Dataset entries
—————

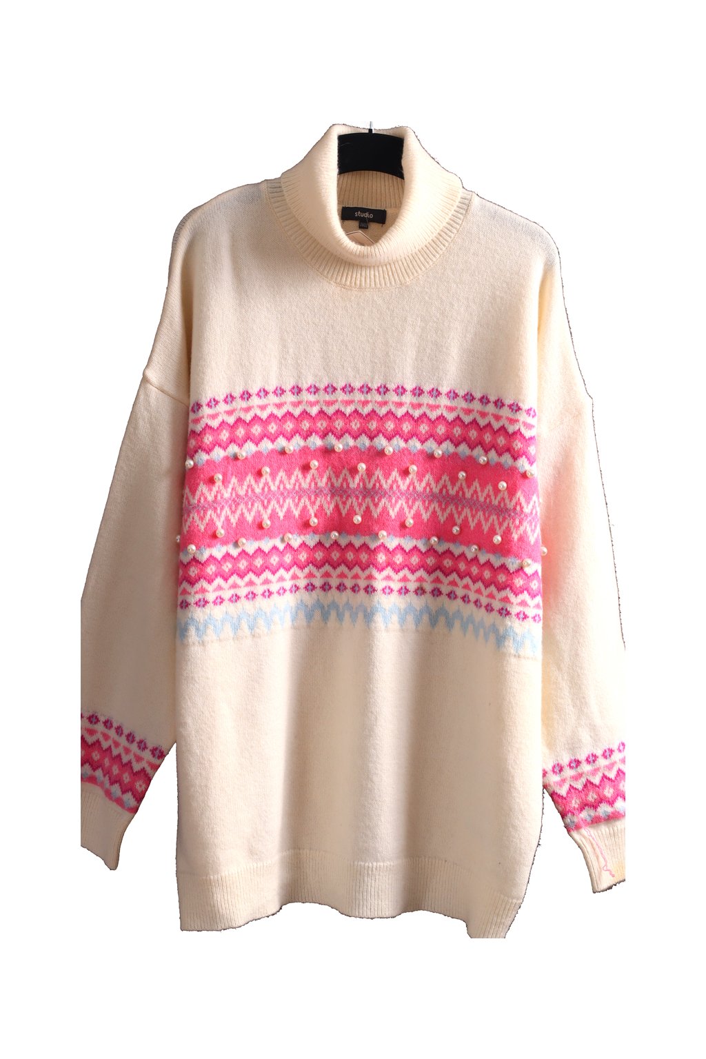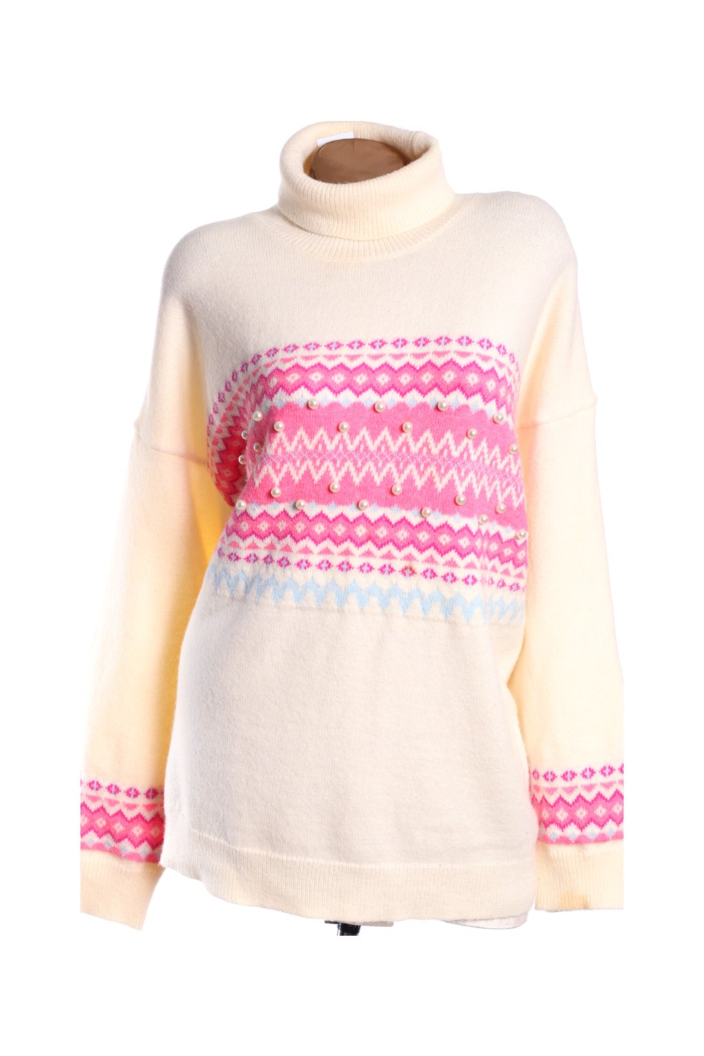 Dámský krémový svetr s růžovými vzory a perličkami / STUDIO / XXXL (48-50/52++) / UK 20/22 / ANGLIE
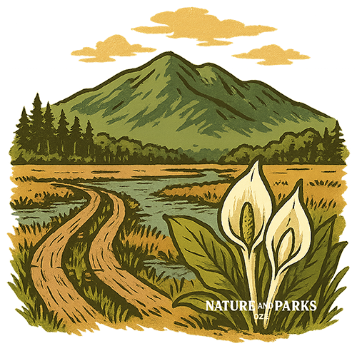 尾瀬国立公園がテーマ。燧ケ岳、木道、水芭蕉をモチーフに、広がる湿原を表しています。
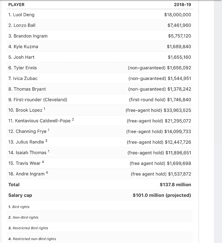 Для самой команды в 2019 году будет важна гибкость в платежке, и План «Б» заключается в подписании игроков на однолетние контракты, включая собственных свободных агентов – Брука Лопеза, Кентавиуса Колдуэлл-Поупа, Айзейи Томаса. В платежке «Лейкерс» есть 46 свободных миллионов на подобные подписания, что даст им преимущество перед другими командами, не обладающими подобной роскошью. Например, для Томаса, который будет получать предложения в районе 8 миллионов в год, гораздо лучшей перспективой является возможность переподписания на бОльшую сумму на один год. Это допускается только в том случае, если медицинский штаб «Лейкерс» уверен полностью в восстановлении Айзейи от травмы бедра.
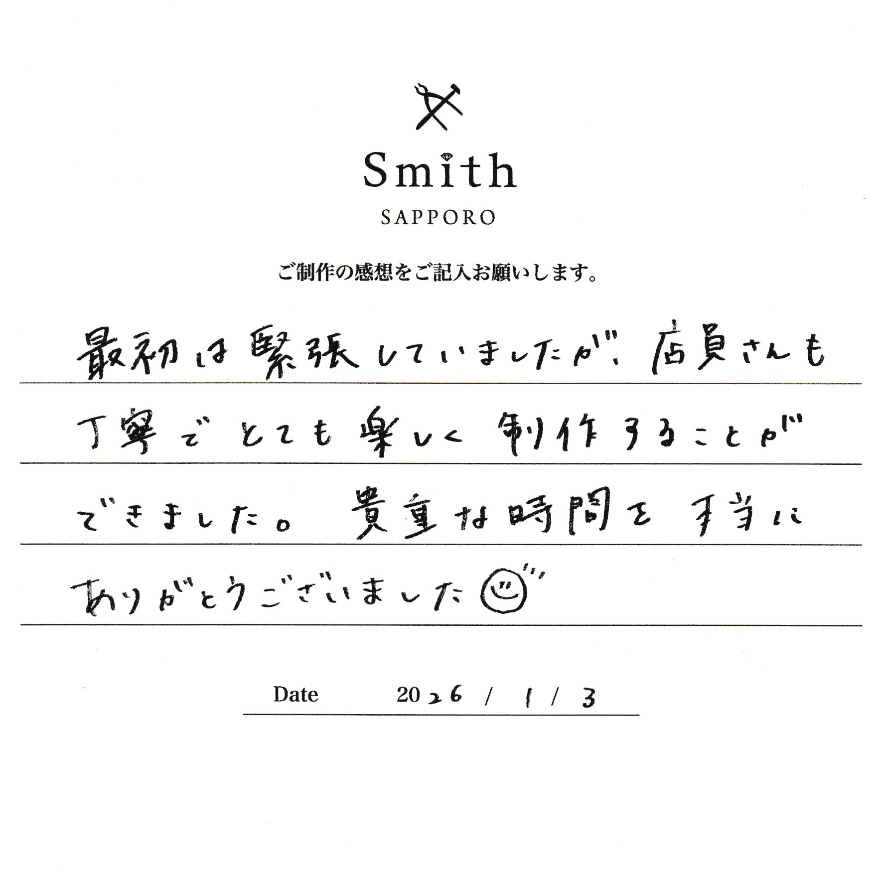 この度はペアリングの制作で工房Smith京王プラザホテル札幌店にご来店いただき、誠にありがとうございました。
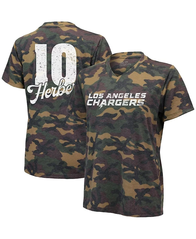 Women's Justin Herbert Camo Los Angeles Chargers Name and Number Tri-Blend V-Neck T-shirt
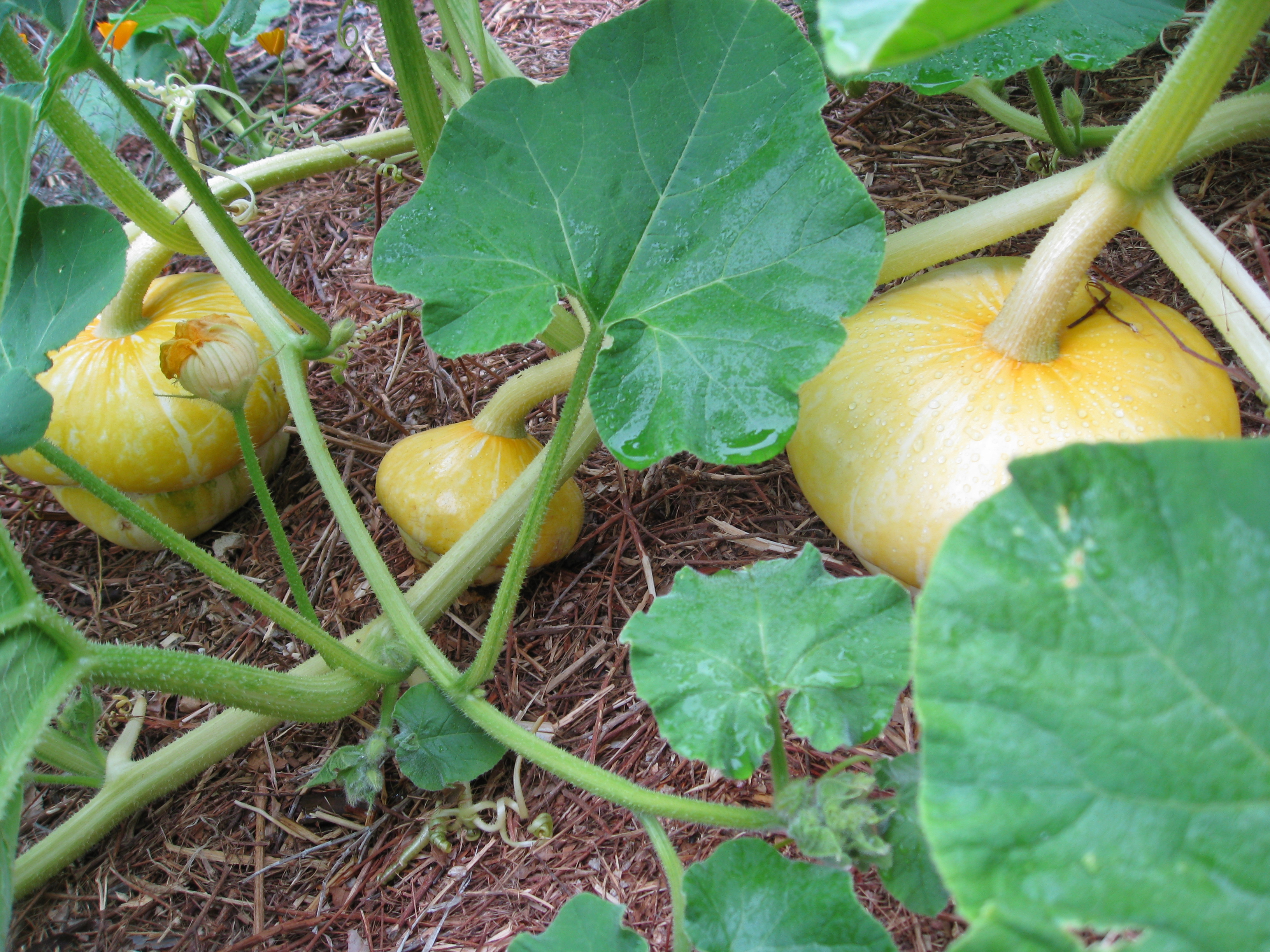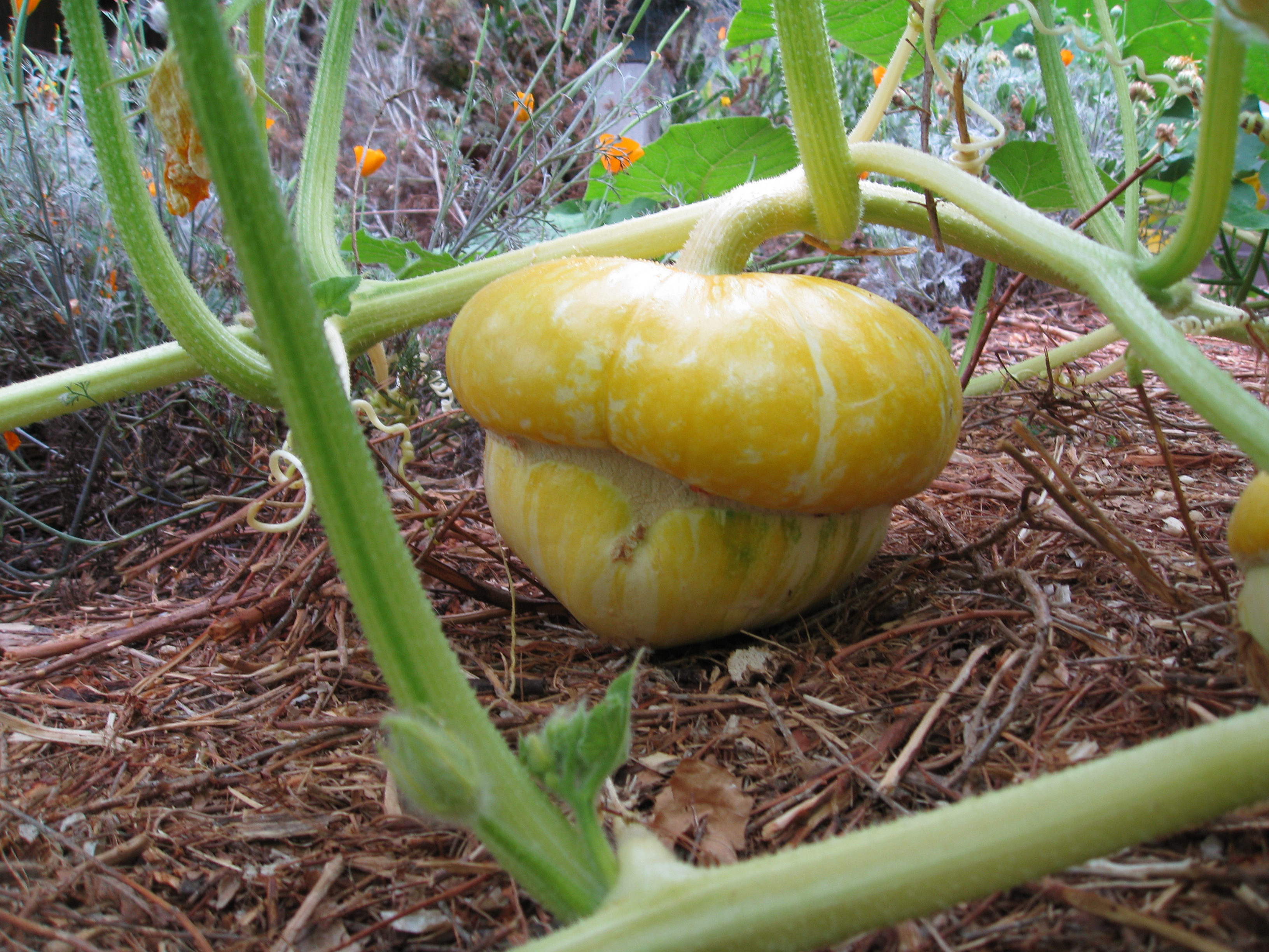 As with all squash, these plants are susceptible to powdery mildew and other fungal infections, as well as squash borers. Luckily we don’t have squash borers here, but we have fungal issues in spades. We cut off affected leaves at first sight of disease. Apparently you can bury the vines to establish secondary root feeders, and increase fruit size. We’re letting nature take its course.
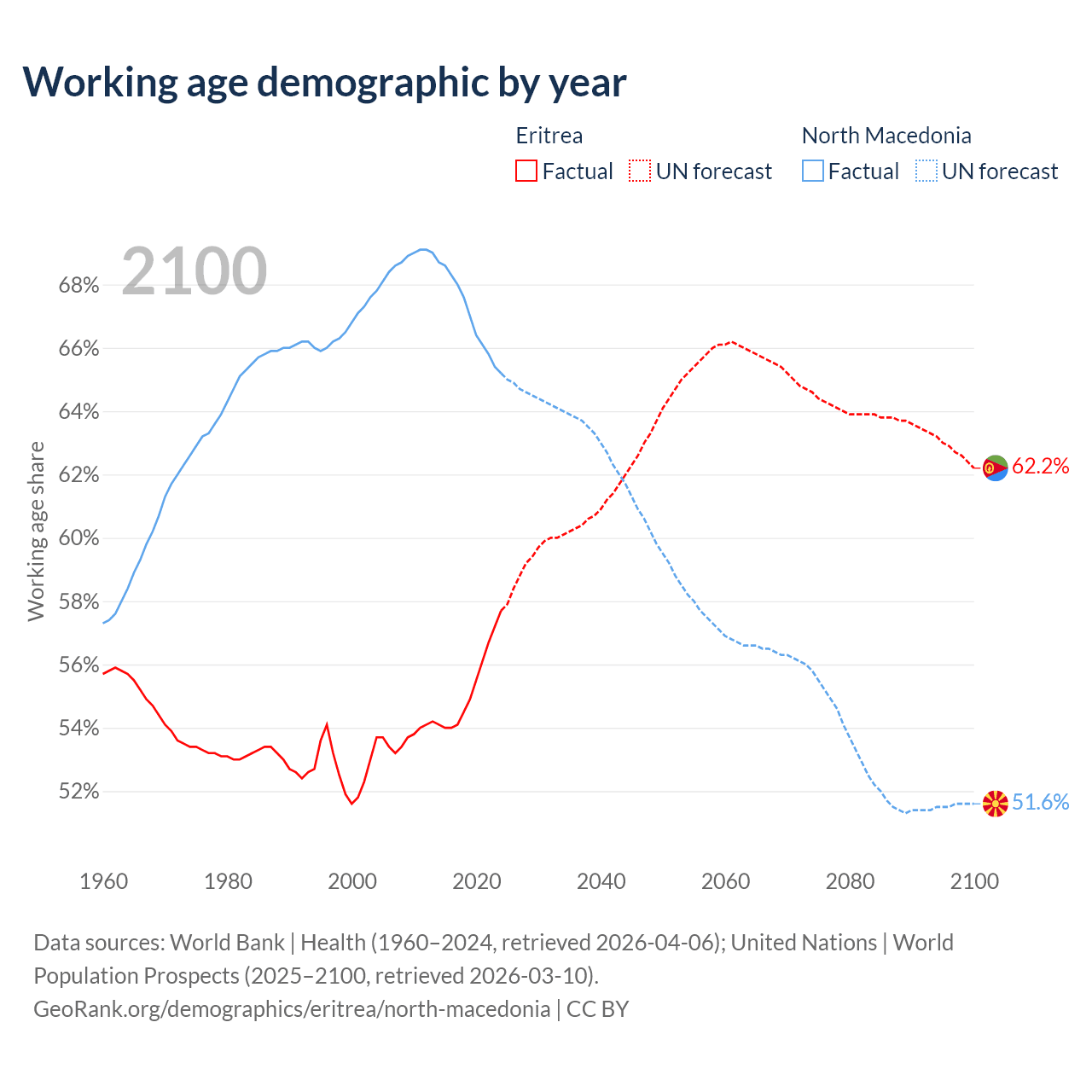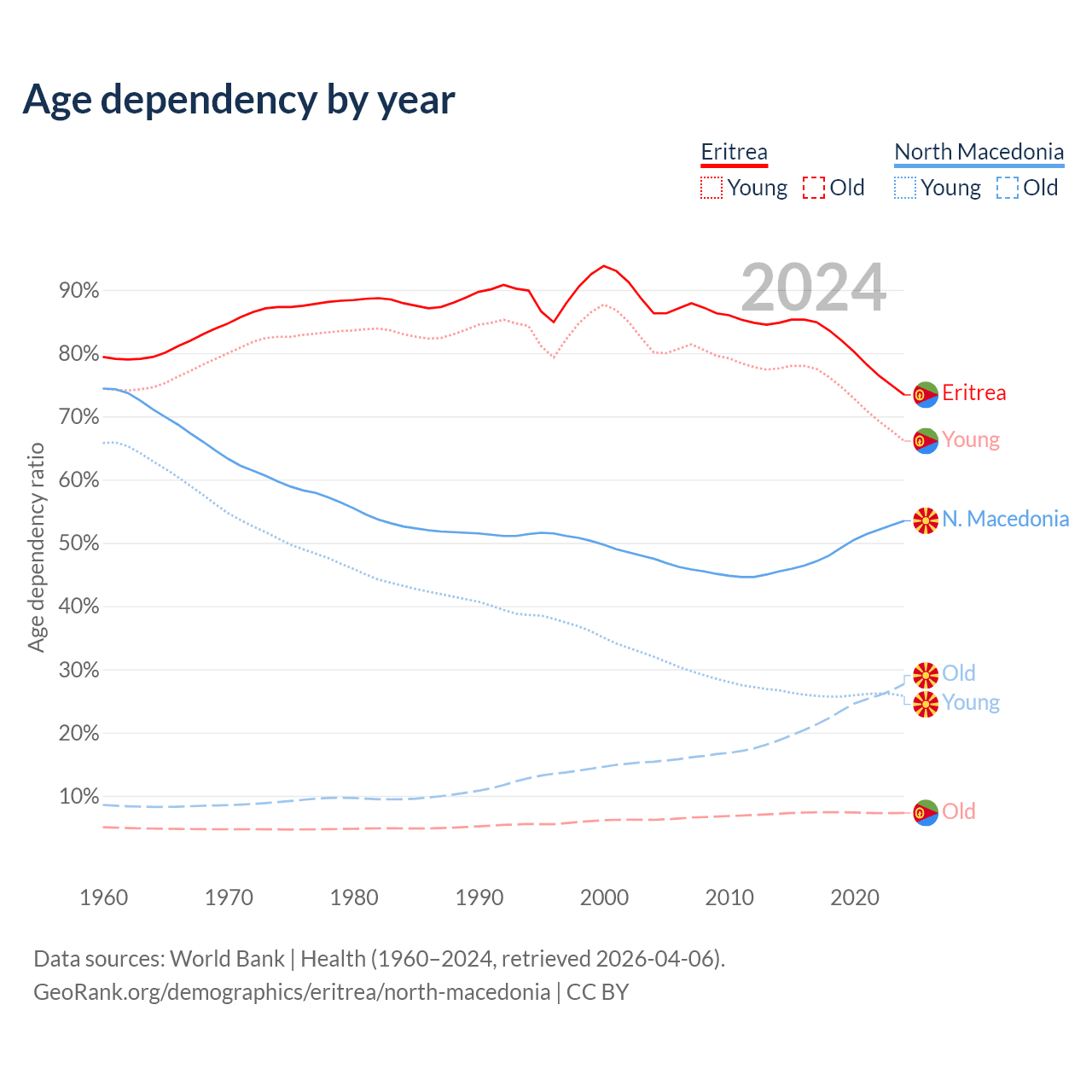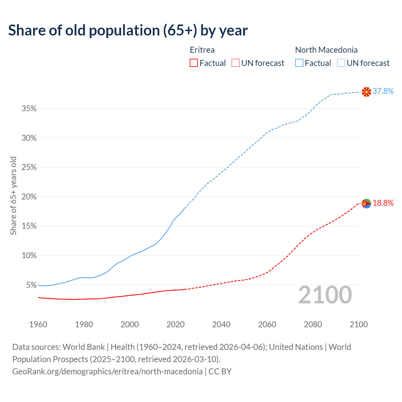 The share of older people aged 65 and over is 4.2% in Eritrea and 18% in North Macedonia. Life expectancy in Eritrea compared to North Macedonia .
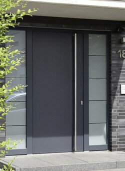 Wenn es um modernes Türdesign geht, sind heute klare Linien und einfache geometrische Formen, gerne in Kombination mit dezenten Applikationen gefragt. Stellvertretend hierfür steht das Modell 6864-54, welches durch seine betont schlichte, zurückhaltende Gestaltung in Kombination mit akzentuiert eingesetzten Lisenen den Zeitgeist widerspiegelt. Umso mehr freuen wir uns, Ihnen ein schönes Objektbeispiel aus Schleswig-Holstein vorstellen zu dürfen. Die flügelüberdeckende Aufsatzfüllung in der Trendfarbe Grau – farblich abgestimmt auf die Fensterelemente – fügt sich hier hervorragend in den Stil des Wohnhauses in Scharbeutz an der Ostsee ein. Zwei Ganzglas-Seitenteile, die Licht und Atmosphäre in das Hausinnere bringen, komplettieren das Gesamtbild der großzügigen Eingangslösung.
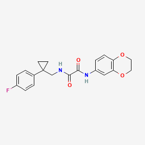 InChI=1S/C20H19FN2O4/c21-14-3-1-13(2-4-14)20(7-8-20)12-22-18(24)19(25)23-15-5-6-16-17(11-15)27-10-9-26-16/h1-6,11H,7-10,12H2,(H,22,24)(H,23,25) | |

—————

- **What the exercise asks**:
Please copy the lines above exactly, starting at the line that holds "Women's Justin Herbert" and ending at the line that holds "The share of"; include both, but no pictures.

- **Task solution**:
 Women's Justin Herbert Camo Los Angeles Chargers Name and Number Tri-Blend V-Neck T-shirt
 As with all squash, these plants are susceptible to powdery mildew and other fungal infections, as well as squash borers. Luckily we don’t have squash borers here, but we have fungal issues in spades. We cut off affected leaves at first sight of disease. Apparently you can bury the vines to establish secondary root feeders, and increase fruit size. We’re letting nature take its course.
 The share of older people aged 65 and over is 4.2% in Eritrea and 18% in North Macedonia. Life expectancy in Eritrea compared to North Macedonia .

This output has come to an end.